Sinan Ateş suikastı davasında yeni gelişmeler yaşanmaya devam ediyor. Ülkü Ocakları yöneticileri Emre Yüksel ve Tolgahan Demirbaş’ın çelişkili ifadeleri davayı karmaşık bir hale getirdi. Yüksel'in, savcılıkta verdiği ifadeyi daha sonra değiştirmesi dikkat çekti.
30 Aralık 2022'de Ankara'da öldürülen Sinan Ateş davasında yeni gelişmeler ortaya çıkmaya devam ediyor. Eski Ülkü Ocakları Genel Başkanı Sinan Ateş'in öldürülmesinin ardından tutuklanan Ülkü Ocakları yöneticileri Emre Yüksel ve Tolgahan Demirbaş’ın birbirleriyle çelişkili ifadeler verdiği belirlendi. Yüksel, savcılık aşamasında ifadesini değiştirdi.
Sinan Ateş cinayeti hakkında yapılan ihbar ortaya çıktı: Partiden birisini vuracağız
Ülkü Ocakları eski Genel Başkanı Sinan Ateş, 30 Aralık 2022'de Ankara'nın Çukurambar semtinde öldürüldü. Cinayet, Türkiye gündeminde geniş yer bulurken, olayla ilgili 22 kişi tutuklandı ve haklarında dava açıldı. Ancak davanın iddianamesi yoğun eleştirilere maruz kaldı ve her hafta yeni iddialar ortaya atıldı.

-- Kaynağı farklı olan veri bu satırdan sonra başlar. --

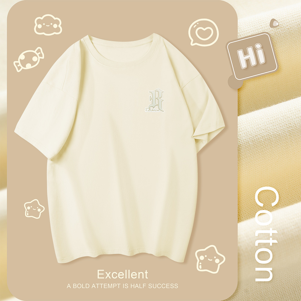 【女装】纯棉短袖t恤女士T恤宽松透气夏季薄款半袖纯色女式上衣 040979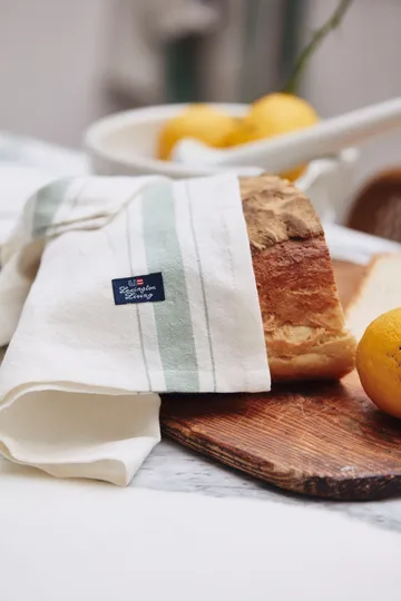 Side striped organic cotton -lautasliina 50x50 cm Lexingtonilta on ajaton lautasliina, valmistettu ekologisesta puuvillasta ja se antaa kattaukselle huolellisen ja rentoutuneen ilmeen. Siinä on käännetty reuna, pystysuorat raidat molemmin puolin ja Lexingtonin logo ommeltuna nurkkaan. Valmistettu Intiassa ekologisesta puuvillatwillistä köydenkudoksella, se on sekä pehmeä että kestävä — täydellinen arkisille illallisille, viikonloppuaamiaisille tai silloin, kun haluat lisätä pientä ekstraa kattaukseen. Helppo yhdistää muihin tekstiileihin persoonallisen ja kutsuvan kattauksen luomiseksi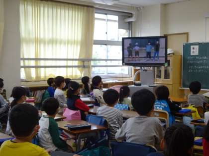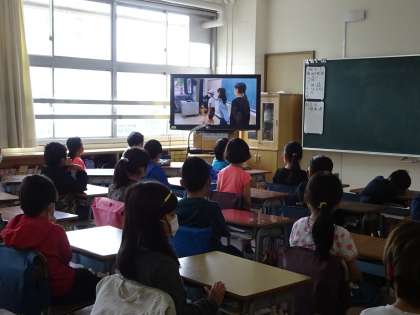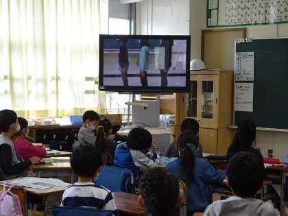 テレビ放送で体育委員会が「気を付け 休め 前へならい」の基本的な動きを教えてくれました。どのクラスも真剣に視聴していました。放送後は拍手をする温かい姿が見られました。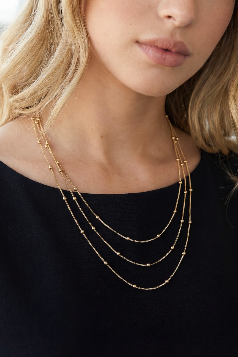 - This chain necklace showcases a unique dainty layered style. Immerse yourself in the world of understated glamour as this chain necklace effortlessly exudes timeless appeal.

Cinayetten bir gün sonra, Ülkü Ocakları Genel Merkez yöneticisi Tolgahan Demirbaş’ın aracında yapılan aramada yedi kovan, 34 fişek, bir tabanca ve bir şarjör bulundu. Demirbaş ile Ülkü Ocakları Genel Başkan Yardımcısı Emre Yüksel’in birbirleriyle çelişkili ifadeler verdiği tespit edildi.
ÇELİŞKİLİ İFADELER VE SAVUNMALAR
Demirbaş, 1 Ocak 2023’teki ifadesinde, Ateş’in öldürüldüğü gün Emre Yüksel ile Gökçehöyük’teki göle gitmeyi planladıklarını söyledi. Ancak Yüksel’in ifadesinde bu bilgi yer almıyordu. Yüksel, Demirbaş ile cuma namazı sonrası karşılaştıklarını ve Hüsrev Lokantası'nda yemek yediklerini beyan etti. Demirbaş ise, “Her ne kadar Emre Yüksel arkadaşım cuma namazı sonrası karşılaştığımızı beyan etmiş ise de ortada bir yanlış anlaşılma vardır” dedi.

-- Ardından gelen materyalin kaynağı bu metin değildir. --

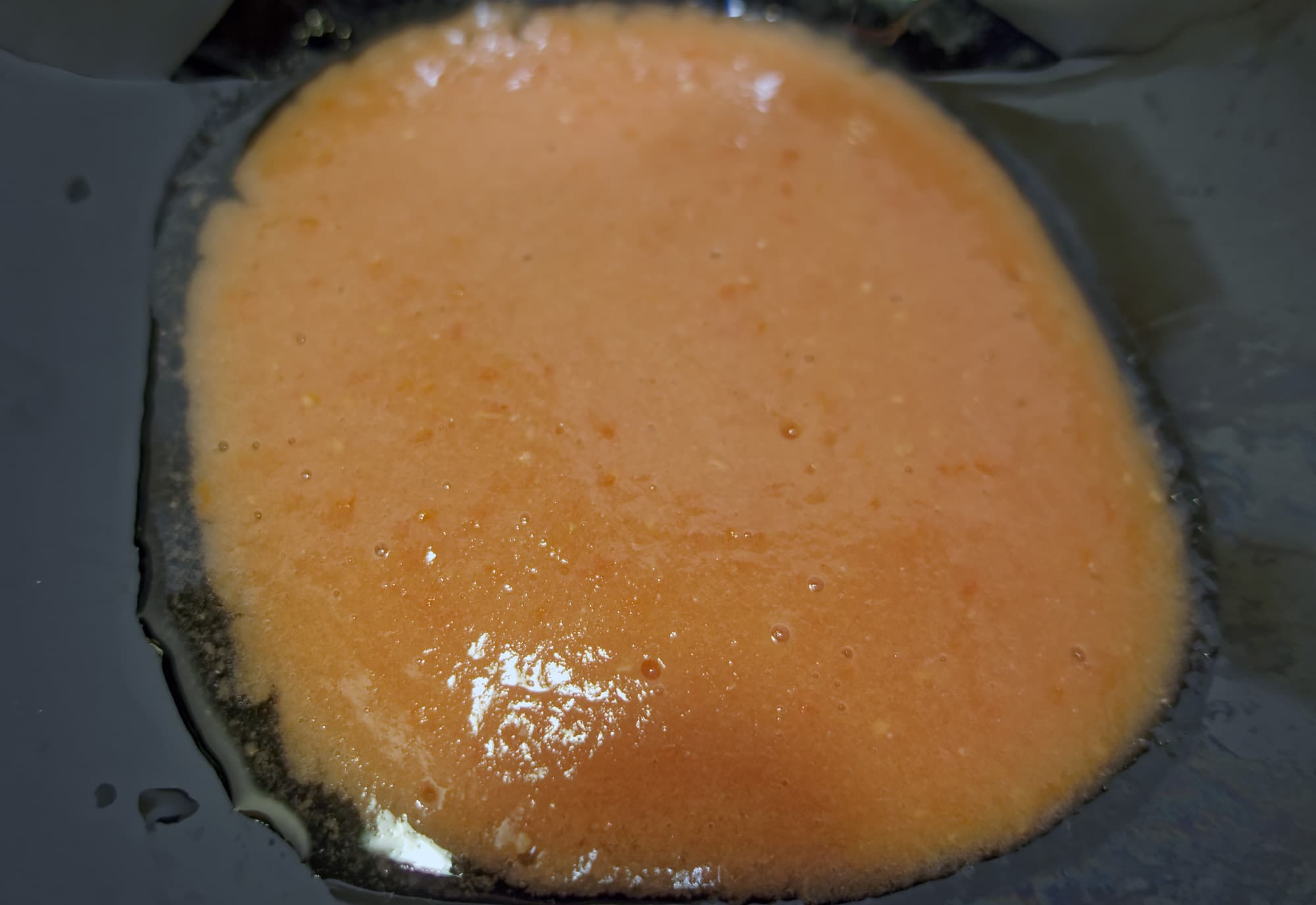Для этого опыта мы взяли 500 г. довольно твердых помидоров, нарезали их небольшими кусками и положили в самый большой стакан. Через 5 секунд работы обычного режима наши куски превратились в жидкую массу. Через минуту после старта сработало автоотключение. Все томаты превратились в гомогенную смесь с едва различимыми вкраплениями кусков шкурки.

YÜKSEL’İN İFADESİNDEKİ DEĞİŞİKLİKLER
Daha sonra Emre Yüksel, savcılık ifadesinde önceki beyanını değiştirerek, “Ben daha önceki ifademde Tolgahan Demirbaş ile Gökçehöyük’te bulunan Aytaç Ataç’a ait çiftliğe gitme noktasında böyle bir hususun olmadığını söylemiş isem de biz o gün bu konuyu konuşmuştuk. O gün bu konu üzerine saat 13:00 sıralarında beni beklediğinden haberim yoktu. O bölgede konum çekmediğinden kendisi bana eşlik etmek için Gölbaşı istikametinde bulunan Kadoil Petrol Ofisi’nin önünde beni beklemiş. Kendisine misafirim olduğunu söyleyince kendisi de geri dönmüştür” dedi.
KAMERA GÖRÜNTÜLERİ VE DEMİRBAŞ’IN SAVUNMASI
Savcılık, benzinlik kamera görüntülerini inceleyerek saat 13:45 sıralarında Demirbaş’ın durduğunu ve motosikletten inen bir şahsın Demirbaş’ın kullandığı araca bindiğini tespit etti. Ancak Demirbaş, “Bana bahsetmiş olduğunuz motosiklet, benim aracıma yanaşarak durmamıştır ve benim aracıma kimse binmemiştir. Kamera kayıtlarındaki araç benim aracım değildir. Söylediğim gibi ben lastiklerimi şişirmek için Shell isimli petrol ofisine giderek lastikleri şişirdim. Beyan ettiğiniz gibi her ne kadar kamera görüntülerinde görülmemiş ise de, ben beyanlarımın arkasındayım” dedi.